How to simlpify this Sum?

Question

I want a simplified form of:

$$\displaystyle N = \sum_{\displaystyle 0 \leq 2m \leq n} \binom {n}{2m} 2^{n-2m}.$$

Actual Question:

There is $ 1 \times n$ rectangle which is broken into $n$ unit squares. Now each square is coloured with either Red, Green, or Blue colours (not necessary that every colour appear in the squares). Let $f(n)$ denote the number of colourings in which Red colour occurs even number of times $(0,2,4,...)$.

What will be the value of $\displaystyle \frac {f(9)}{f(3)} ?$

My attempt:

$\displaystyle f(9) = \binom {9}{0} \times 2^{9} + \binom {9}{2} \times 2^{7} + \binom {9}{4} \times 2^{5} + \binom {9}{6} \times 2^{3} + \binom {9}{8} \times 2^{1}$

Similarly $f(3)$.

Thus I added the terms indivisually... that took a lot of time, then I tried to simplify the summation, but I was unsuccesful in doing so...
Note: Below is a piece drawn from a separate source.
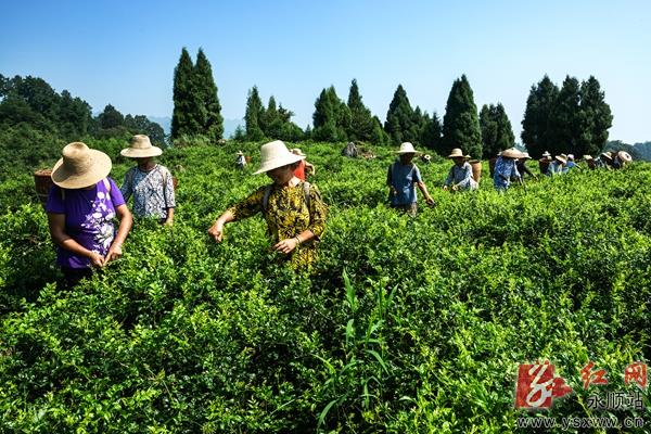 8月25日,永顺县毛坝乡村民在丈岩溪莓茶基地采摘霉茶。近年来,该乡大力发展莓茶产业,种植面积达1800亩。在莓茶专业合作社带领下,采取“规模种植、集中加工、订单销售”的模式,产品畅销广东、淅江等省,并出口韩国、日本等东南亚国家,产值达千万余元,成为当地群众增收的主渠道。记者 余光龙 张灵峰 摄 作者:余光龙 张灵峰
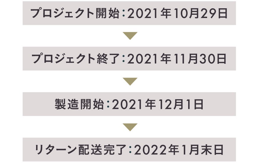 ◯ 商品引渡しまたは役務提供の時期:各プロジェクトが募集期間内に成立した場合のみ、支援金の決済が行われ、約定されたリターンを得る権利が発生します。なお、リターン毎の発送(履行)時期は各プロジェクトの記載・連絡に準じます。諸般の事情により遅延・遅配が生じる場合は、プロジェクトオーナーより記載・連絡されるものとします。

I would pefer a hint, not the answer.

Answer 1

The sum is equal to:

$$S={3^n+1 \over 2}$$

Answer 2

Use $$\sum_{k=0}^{n} {n \choose 2k} x^{2k}=\frac{(1+x)^n+(1-x)^n}{2}$$ $$M=\sum_{k=0}^{n} {n \choose 2k} 2^{n-2k}=2^n \frac{(1+1/2)^n+(1-1/2)^n}{2}=\frac{3^n+1}{2}.$$ When $2k>n$, the vinomial coeffiocient vanishes.